=== Section Start ===
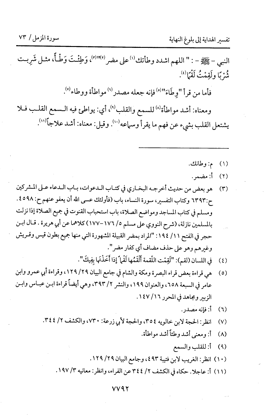 ومعناه: أشد مواطأة للسمع والقلب، أي: يواطئ فيه السمع القلب فلا يشتغل القلب بشيء عنم فهم ما يقرأ وسماعه. وقيل: معناه: أشد علاجاً.
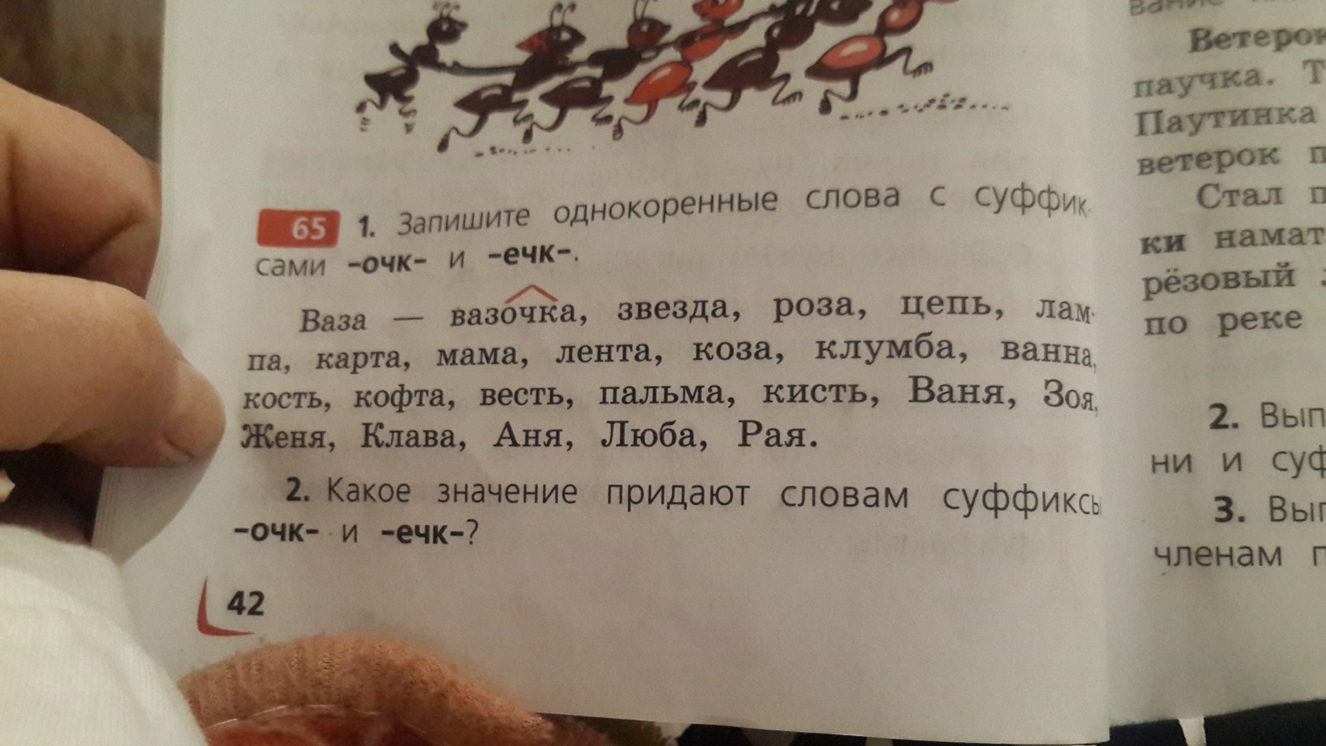 Звёздочка, розочка, цепочка, лампочка, карточка, мамочка, ленточка, козочка, клумбочка ванночка, косточка, кофточка, весточка, пальмочка, кистечка, Ванечка, Зоечка, Женечка, Клавочка, Анечка, Любочка, Раечка.
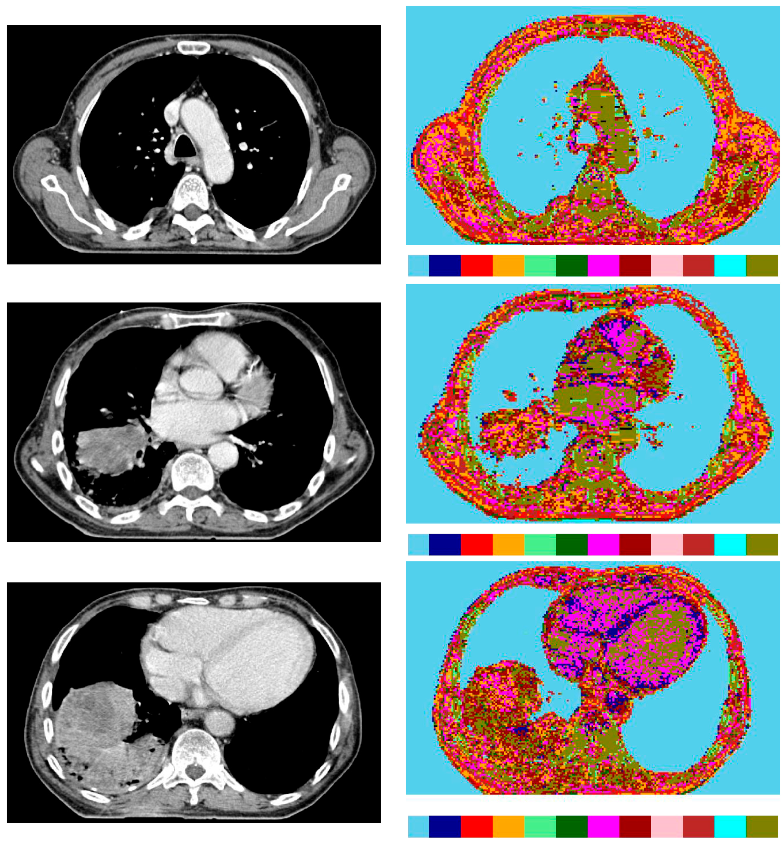 - The second dataset of images is from the patients with lung tumours; there are 11,210 CT images and 25 pathology slices collected from 6 patients. From these, we selected 10 images from 2 patients with lung adenocarcinoma. Usually, lung adenocarcinomas show an admixture of many architectural patterns such as acinar, papillary, micropapillary, lepidic, and solid growth patterns [32,33].
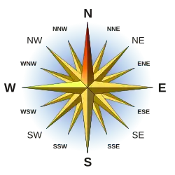 The word north is related to the Old High German nord,[1] both descending from the Proto-Indo-European unit *ner-, meaning "left; below" as north is to left when facing the rising sun.[2] Similarly, the other cardinal directions are also related to the sun's position.[3][4][5]
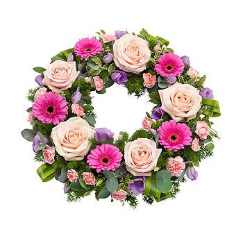 A pretty pink wreath featuring Roses, Germini and Carnations with lilac Lisianthus and mix of luscious green foliage.
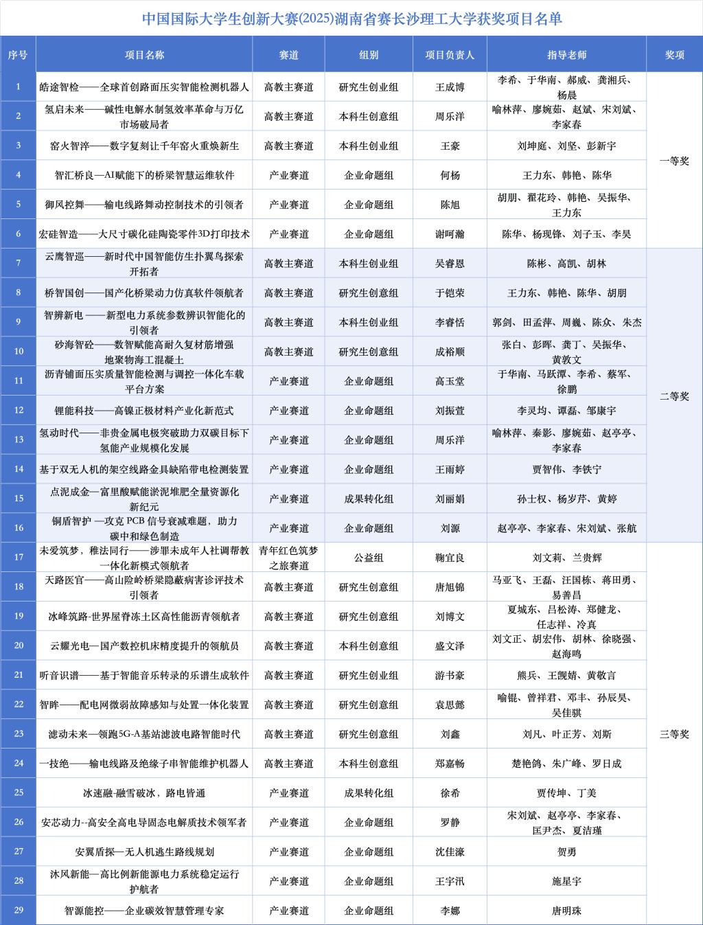 近日,中国国际大学生创新大赛(2025)湖南省赛在南华大学落下帷幕。MG冰球官网入围现场赛的15个项目分获一等奖3项、二等奖4项、三等奖8项,产业赛道项目分获一等奖3项、二等奖6项、三等奖5项。
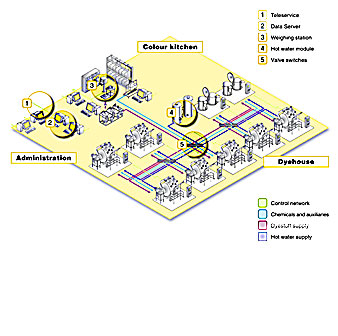 網(wǎng)絡(luò)的另一個(gè)功能是控制系統(tǒng),透過染廠網(wǎng)絡(luò)使流程之間相互調(diào)節(jié)和發(fā)揮最佳效能。還可聯(lián)系訂單管理到機(jī)器的控制單元上,從而組成一個(gè)完整的染廠網(wǎng)絡(luò)。
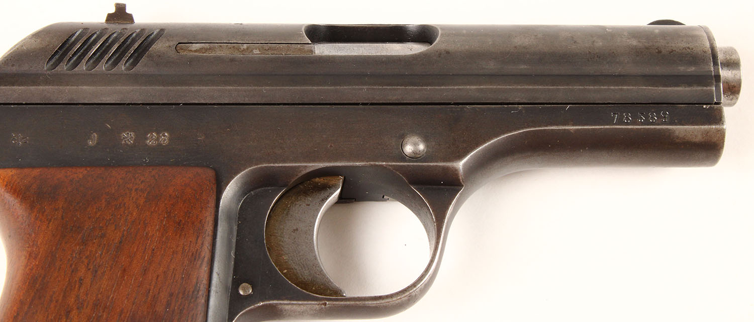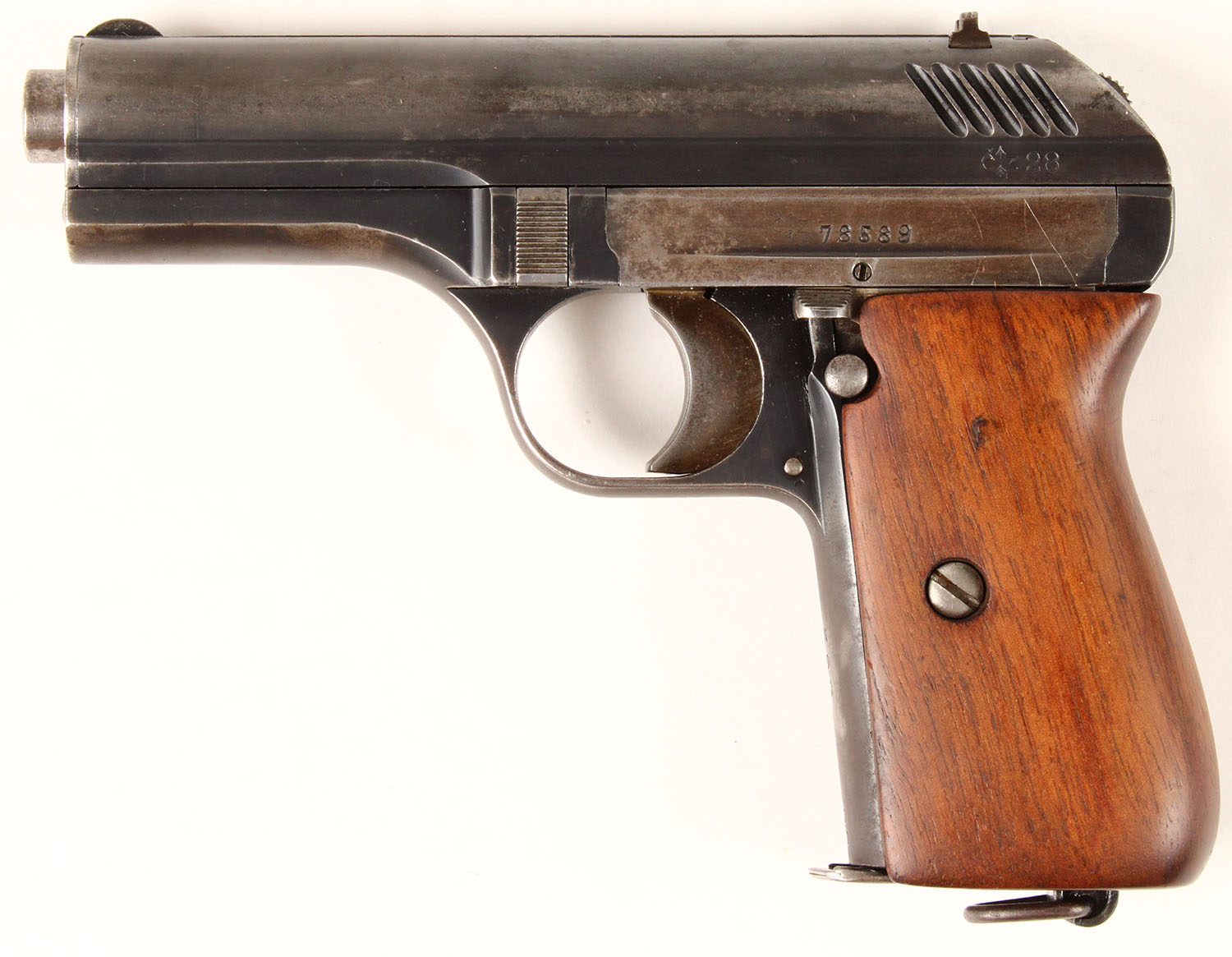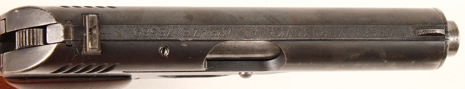 CZ, Model CZ-24, CAL: 380, MFG: 1928, SN: 78589, Semi-Auto Pistol, 3 1/2'' barrel. The original wood grips are excellent & solid, having been refinished. The metal blue finish rates 70% overall, with areas worn to metal grey & intermittent speckling. Stamping are crisp. Bore is very good, with light spotting throughout. The slide holds notch & blade sights. Lanyard loop. Spring loaded click button safety. FFL or C&R Req. - Value: 400 to 800
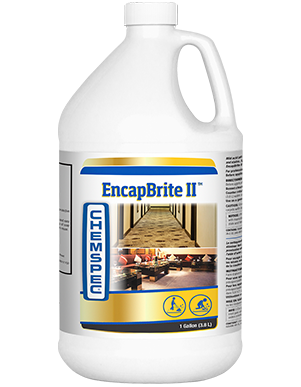 Mild acid pH encapsulating cleaner uses the power of hydrogen peroxide to remove spots, spills and stains. Specifically developed for interim maintenance and low moisture cleaning methods, EncapBrite II encapsulates soils and dries to an easy-to-vacuum crystalline powder.
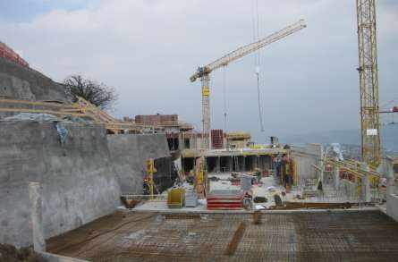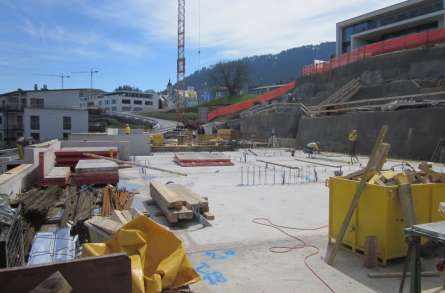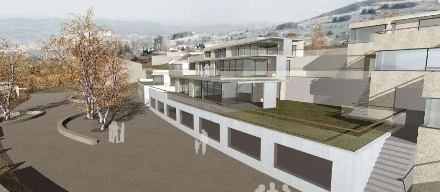 Hochbau: Beim vorliegenden Bauobjekt handelt sich um den Neubau von 5 Terrassenhäusern in Massivbau, bestehend aus einer Sammelgarage, je zwei Obergeschossen, sowie je einem Attikageschoss. Die Grundrissabmessung der Ebene 0 (Sammelgarage) beträgt zirka 17 m x 126 m. Die Grundrissabmessungen der Ebenen 1 bis 3 betragen zirka 15 m x 23 m. Die horizontalen Tragelemente bestehen aus schlaff bewehrten Stahlbetondecken, die vertikalen Tragelemente aus Stahlbeton- und Mauerwerkswänden sowie vorfabrizierten Stahlbeton- und Stahlstützen. Das Bauwerk wird als Wohnhaus genutzt. Baugrube: Infolge der engen Platzverhältnisse und der schlechten geologischen Baugrundverhältnisse mussten die Böschungen mit vernagelter Spritzbetonwand gesichert werden. Die Gebäudelasten wurden konsequent, wo nötig mittels Geröllbetonriegel, in die Moräne abgeleitet.
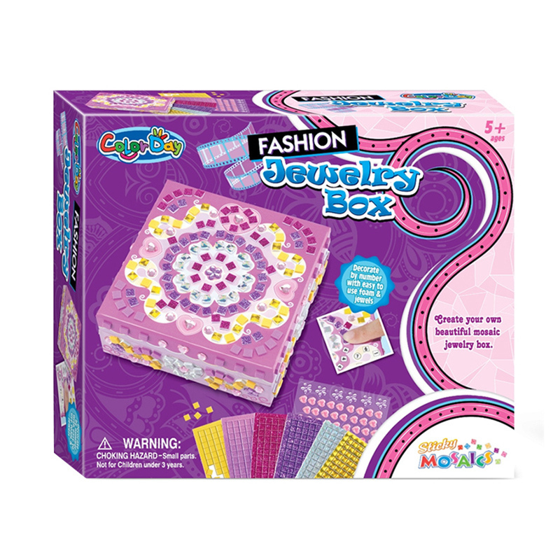 Kreativní šperkovnice, kterou si můžete sami vyzdobit pomocí přiložených třpytivých dílků. Jednotlivé dílky se nalepí na políčka s vyobrazenými čísly. Ideální pro rozvoj kreativního myšlení.
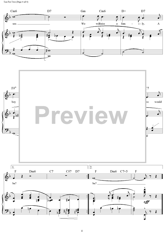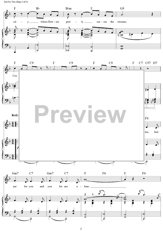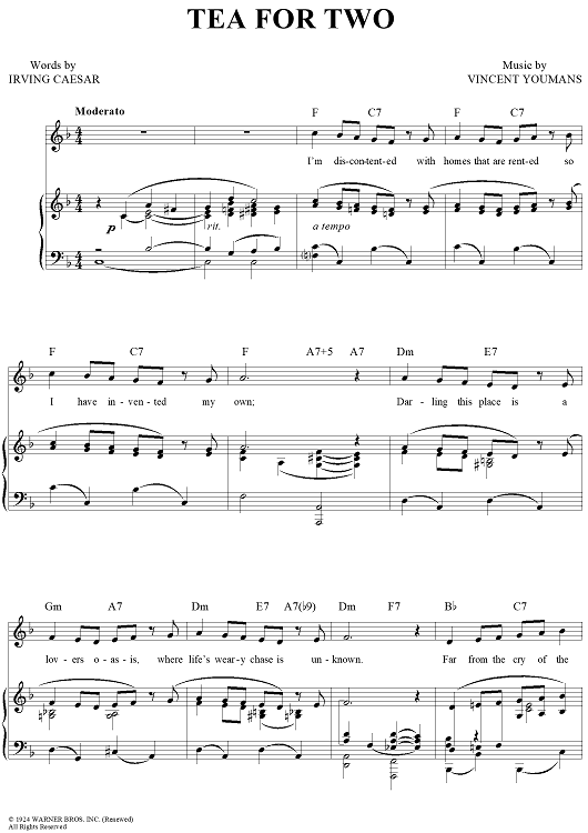 Digital Sheet Music for Tea For Two by Irving Caesar, Vincent Youmans, Doris Day, Gordon MacRae, Marion Harris scored for Piano/Vocal/Chords; id:112179
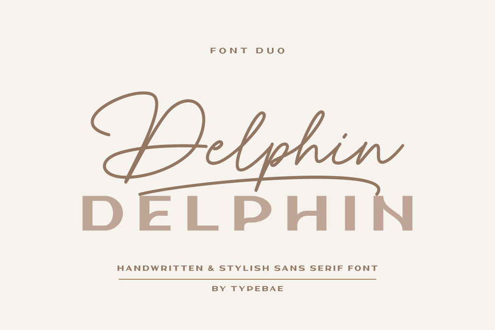 Delphin is a pair of beautiful handwritten script and stylish sans-serif fonts designed to contrast and complement each other with elegant beauty and contemporary style. Delphin features graceful swashes at the beginning and end of each letter.
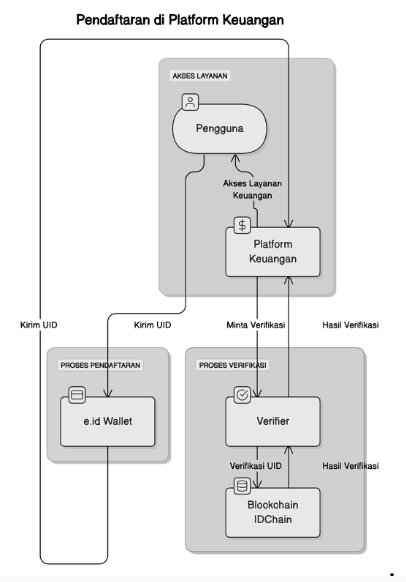 • e.id Wallet → Financial Platform: Users send their UID through the e.id Wallet to the financial platform for identity verification.
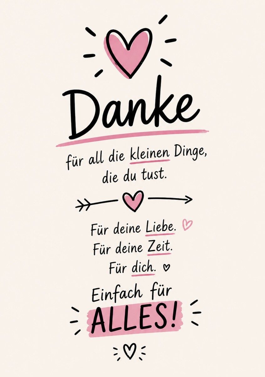 Du möchtest einfach mal Danke sagen – für all die kleinen Dinge, die oft selbstverständlich erscheinen? Dann ist diese liebevolle digitale Gruppengrußkarte „Danke – einfach für alles“ genau die perfekte Wahl.
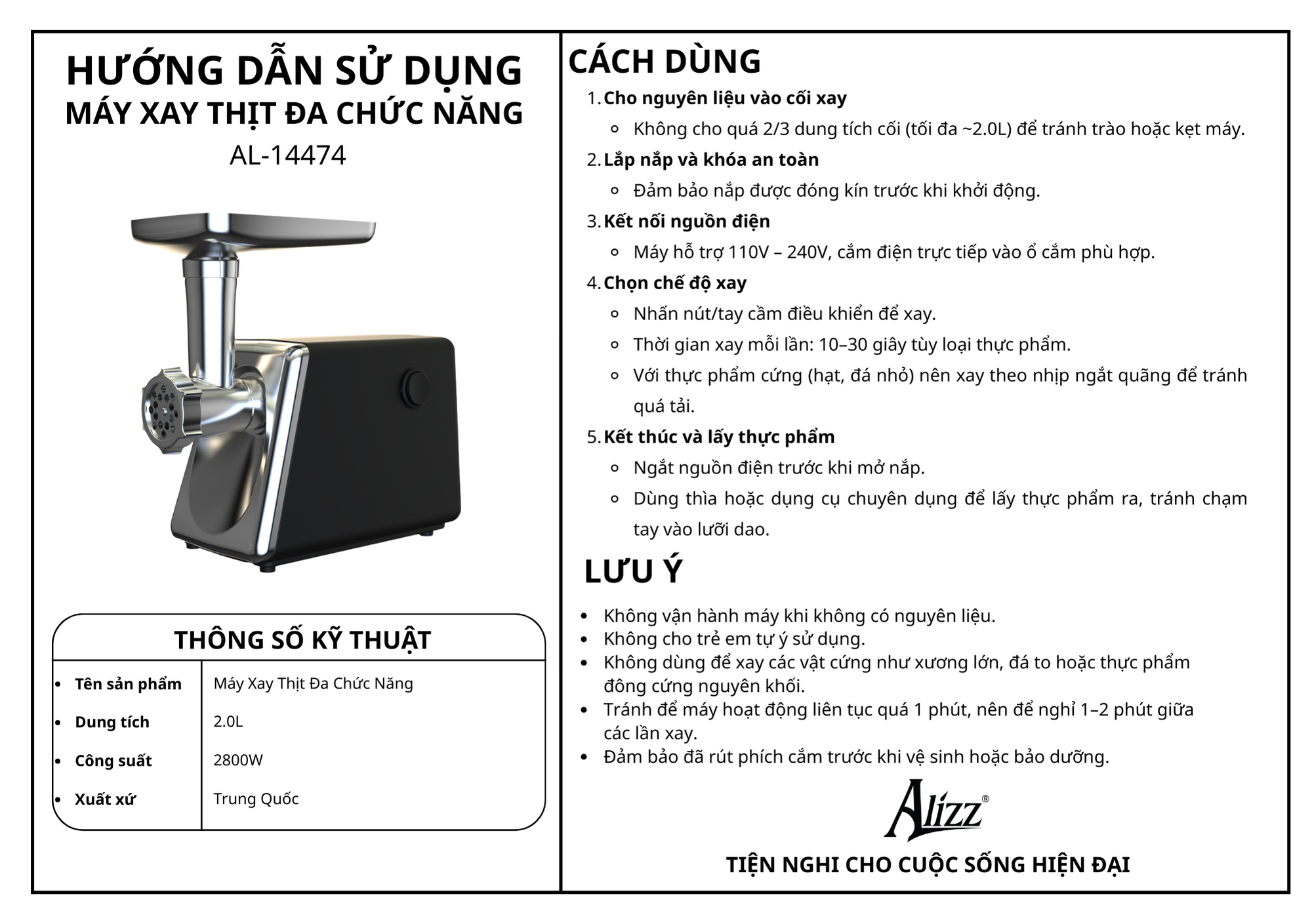 Máy Xay Thịt Đa Chức Năng ALLZZ – AL 14474
=== Section End ===
_ABOUT THIS TASK_: All entries should be given again exactly, except that pictures are to be excluded.

_TASK RESPONSE_:
 ومعناه: أشد مواطأة للسمع والقلب، أي: يواطئ فيه السمع القلب فلا يشتغل القلب بشيء عنم فهم ما يقرأ وسماعه. وقيل: معناه: أشد علاجاً.
 Звёздочка, розочка, цепочка, лампочка, карточка, мамочка, ленточка, козочка, клумбочка ванночка, косточка, кофточка, весточка, пальмочка, кистечка, Ванечка, Зоечка, Женечка, Клавочка, Анечка, Любочка, Раечка.
 - The second dataset of images is from the patients with lung tumours; there are 11,210 CT images and 25 pathology slices collected from 6 patients. From these, we selected 10 images from 2 patients with lung adenocarcinoma. Usually, lung adenocarcinomas show an admixture of many architectural patterns such as acinar, papillary, micropapillary, lepidic, and solid growth patterns [32,33].
 The word north is related to the Old High German nord,[1] both descending from the Proto-Indo-European unit *ner-, meaning "left; below" as north is to left when facing the rising sun.[2] Similarly, the other cardinal directions are also related to the sun's position.[3][4][5]
 A pretty pink wreath featuring Roses, Germini and Carnations with lilac Lisianthus and mix of luscious green foliage.
 近日,中国国际大学生创新大赛(2025)湖南省赛在南华大学落下帷幕。MG冰球官网入围现场赛的15个项目分获一等奖3项、二等奖4项、三等奖8项,产业赛道项目分获一等奖3项、二等奖6项、三等奖5项。
 網(wǎng)絡(luò)的另一個(gè)功能是控制系統(tǒng),透過染廠網(wǎng)絡(luò)使流程之間相互調(diào)節(jié)和發(fā)揮最佳效能。還可聯(lián)系訂單管理到機(jī)器的控制單元上,從而組成一個(gè)完整的染廠網(wǎng)絡(luò)。
 CZ, Model CZ-24, CAL: 380, MFG: 1928, SN: 78589, Semi-Auto Pistol, 3 1/2'' barrel. The original wood grips are excellent & solid, having been refinished. The metal blue finish rates 70% overall, with areas worn to metal grey & intermittent speckling. Stamping are crisp. Bore is very good, with light spotting throughout. The slide holds notch & blade sights. Lanyard loop. Spring loaded click button safety. FFL or C&R Req. - Value: 400 to 800
 Mild acid pH encapsulating cleaner uses the power of hydrogen peroxide to remove spots, spills and stains. Specifically developed for interim maintenance and low moisture cleaning methods, EncapBrite II encapsulates soils and dries to an easy-to-vacuum crystalline powder.
 Hochbau: Beim vorliegenden Bauobjekt handelt sich um den Neubau von 5 Terrassenhäusern in Massivbau, bestehend aus einer Sammelgarage, je zwei Obergeschossen, sowie je einem Attikageschoss. Die Grundrissabmessung der Ebene 0 (Sammelgarage) beträgt zirka 17 m x 126 m. Die Grundrissabmessungen der Ebenen 1 bis 3 betragen zirka 15 m x 23 m. Die horizontalen Tragelemente bestehen aus schlaff bewehrten Stahlbetondecken, die vertikalen Tragelemente aus Stahlbeton- und Mauerwerkswänden sowie vorfabrizierten Stahlbeton- und Stahlstützen. Das Bauwerk wird als Wohnhaus genutzt. Baugrube: Infolge der engen Platzverhältnisse und der schlechten geologischen Baugrundverhältnisse mussten die Böschungen mit vernagelter Spritzbetonwand gesichert werden. Die Gebäudelasten wurden konsequent, wo nötig mittels Geröllbetonriegel, in die Moräne abgeleitet.
 Kreativní šperkovnice, kterou si můžete sami vyzdobit pomocí přiložených třpytivých dílků. Jednotlivé dílky se nalepí na políčka s vyobrazenými čísly. Ideální pro rozvoj kreativního myšlení.
 Digital Sheet Music for Tea For Two by Irving Caesar, Vincent Youmans, Doris Day, Gordon MacRae, Marion Harris scored for Piano/Vocal/Chords; id:112179
 Delphin is a pair of beautiful handwritten script and stylish sans-serif fonts designed to contrast and complement each other with elegant beauty and contemporary style. Delphin features graceful swashes at the beginning and end of each letter.
 • e.id Wallet → Financial Platform: Users send their UID through the e.id Wallet to the financial platform for identity verification.
 Du möchtest einfach mal Danke sagen – für all die kleinen Dinge, die oft selbstverständlich erscheinen? Dann ist diese liebevolle digitale Gruppengrußkarte „Danke – einfach für alles“ genau die perfekte Wahl.
 Máy Xay Thịt Đa Chức Năng ALLZZ – AL 14474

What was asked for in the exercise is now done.